WinDivert - A Windows Packet Divert

2013/06/16 by Flo

While peeking around TCP/IP tracking in Windows' kernel mode I finally stumbled across WinDivert by basil that I would like to feature in this post.

WinDivert (Windows Packet Divert) is a user-mode packet capture-and-divert package for Windows (Vista, Server 2008 and Windows 7). Using WinDivert you can capture, modify or drop network packets sent to/from the Windows network stack. You can use the framework to

  • capture network packets
  • filter/drop network packets
  • sniff network packets
  • (re)inject network packets
  • modify network packets

As basil notes in the description of WinDivert you can use the framework

to implement user-mode packet filters, packet sniffers, firewalls, NAT, VPNs, tunneling applications, etc., etc.. If you need to intercept and modify packets, then WinDivert is for you.

WinDivert comes with a kernel-mode driver and an user-mode DLL to handle to complicated networking stuff. Thus it is really simple to "hook" on the framework and write pretty cool capturing and sniffing tools. For more details check out basil's web-site or the GitHub online project hosting repository.

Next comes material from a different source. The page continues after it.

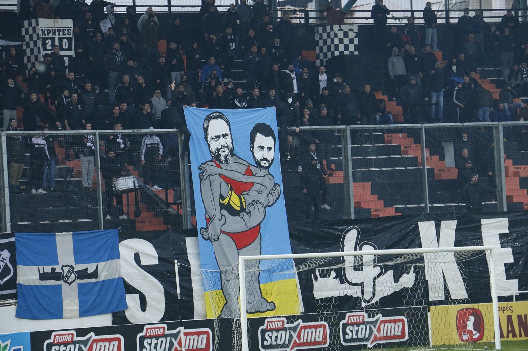 Ένα πανό στο οποίο απεικονίζεται ο Θόδωρος Καρυπίδης στην αγκαλιά του Βαγγέλη Μαρινάκη αναρτήθηκε από τους οπαδούς του ΟΦΗ στο παιχνίδι για το Κύπελλο Ελλάδας που έληξε πριν από λίγη ώρα με νικητές τους κίτρινους.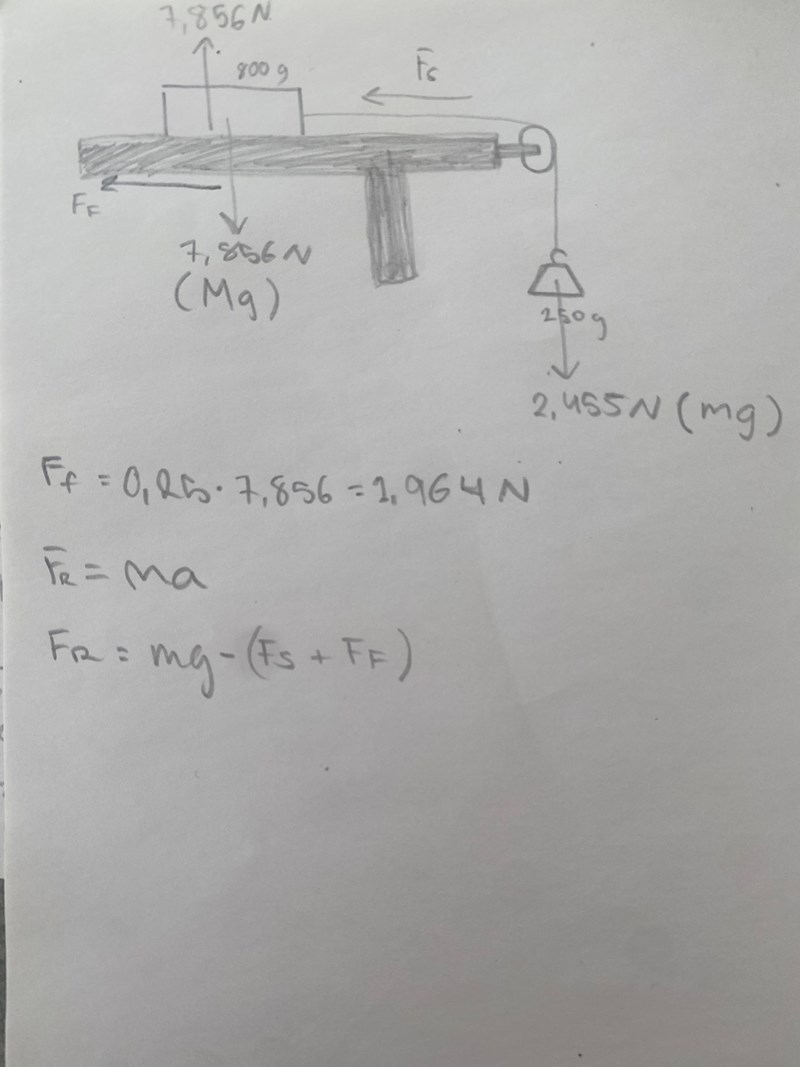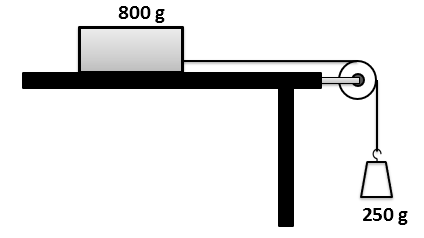 En kloss med massan 800 g ligger på ett bord. Via ett snöre och en friktionsfri trissa är klossen fäst vid en vikt med massan 250 g.

Misinterceptions in whitelisting

2013/06/01 by Flo

Harry Sverdlove definitely brings it to the point in Bit9's blog article on whitelisting and misinterceptions regarding this word:

To protect against modern attacks, additional measures are required to ensure security. Still, even after installing more advanced security measures, no one is running around taking the locks off their doors. This is the idea of a defense-in-depth approach, because there are no silver bullets. For cyberattackers, blacklist solutions are no longer a speed bump on the road to corporate intellectual property, but they are still effective against older-style attacks. On the other hand, next-generation solutions fill the gap left by older solutions that were never designed to defend against modern or targeted cyberattacks. The future of cybersecurity is around trust – or “whitelisting,” but it’s policy-driven whitelisting that can truly meet the needs of today’s at-risk enterprises.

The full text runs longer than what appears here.